PROBLEM:
Look for the word "lovely" in the material below, then report each line where it occurs.

SUPPLIED INFORMATION:
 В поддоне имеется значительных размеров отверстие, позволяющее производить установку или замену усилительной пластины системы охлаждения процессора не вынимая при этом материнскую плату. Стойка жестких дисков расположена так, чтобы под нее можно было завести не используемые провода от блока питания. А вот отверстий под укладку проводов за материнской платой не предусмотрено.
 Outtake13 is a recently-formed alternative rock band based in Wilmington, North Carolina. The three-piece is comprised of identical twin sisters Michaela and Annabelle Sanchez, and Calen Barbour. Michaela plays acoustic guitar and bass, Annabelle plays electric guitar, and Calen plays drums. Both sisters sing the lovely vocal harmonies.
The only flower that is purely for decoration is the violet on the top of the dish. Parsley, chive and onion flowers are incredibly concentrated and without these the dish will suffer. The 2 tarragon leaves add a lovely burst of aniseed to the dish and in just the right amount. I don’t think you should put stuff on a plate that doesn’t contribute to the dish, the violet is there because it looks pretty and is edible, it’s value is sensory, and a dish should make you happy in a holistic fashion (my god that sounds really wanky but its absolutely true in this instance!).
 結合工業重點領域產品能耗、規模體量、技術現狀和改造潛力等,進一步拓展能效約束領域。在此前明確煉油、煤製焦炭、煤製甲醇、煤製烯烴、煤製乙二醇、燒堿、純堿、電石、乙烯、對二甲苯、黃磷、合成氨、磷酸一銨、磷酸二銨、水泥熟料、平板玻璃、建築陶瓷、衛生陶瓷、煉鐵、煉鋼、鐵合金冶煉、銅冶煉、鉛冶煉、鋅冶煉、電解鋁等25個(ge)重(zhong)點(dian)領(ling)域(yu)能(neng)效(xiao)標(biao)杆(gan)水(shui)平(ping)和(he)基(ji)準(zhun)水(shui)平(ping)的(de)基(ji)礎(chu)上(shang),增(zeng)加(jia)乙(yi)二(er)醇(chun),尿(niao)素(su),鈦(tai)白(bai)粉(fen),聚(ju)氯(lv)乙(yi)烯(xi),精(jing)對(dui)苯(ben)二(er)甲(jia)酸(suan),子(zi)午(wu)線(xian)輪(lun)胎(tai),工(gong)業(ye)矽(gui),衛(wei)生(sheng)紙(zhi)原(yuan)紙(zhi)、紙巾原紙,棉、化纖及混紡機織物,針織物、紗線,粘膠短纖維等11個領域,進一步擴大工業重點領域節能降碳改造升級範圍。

SOLUTION TO THE EXERCISE:
 Outtake13 is a recently-formed alternative rock band based in Wilmington, North Carolina. The three-piece is comprised of identical twin sisters Michaela and Annabelle Sanchez, and Calen Barbour. Michaela plays acoustic guitar and bass, Annabelle plays electric guitar, and Calen plays drums. Both sisters sing the lovely vocal harmonies.
The only flower that is purely for decoration is the violet on the top of the dish. Parsley, chive and onion flowers are incredibly concentrated and without these the dish will suffer. The 2 tarragon leaves add a lovely burst of aniseed to the dish and in just the right amount. I don’t think you should put stuff on a plate that doesn’t contribute to the dish, the violet is there because it looks pretty and is edible, it’s value is sensory, and a dish should make you happy in a holistic fashion (my god that sounds really wanky but its absolutely true in this instance!).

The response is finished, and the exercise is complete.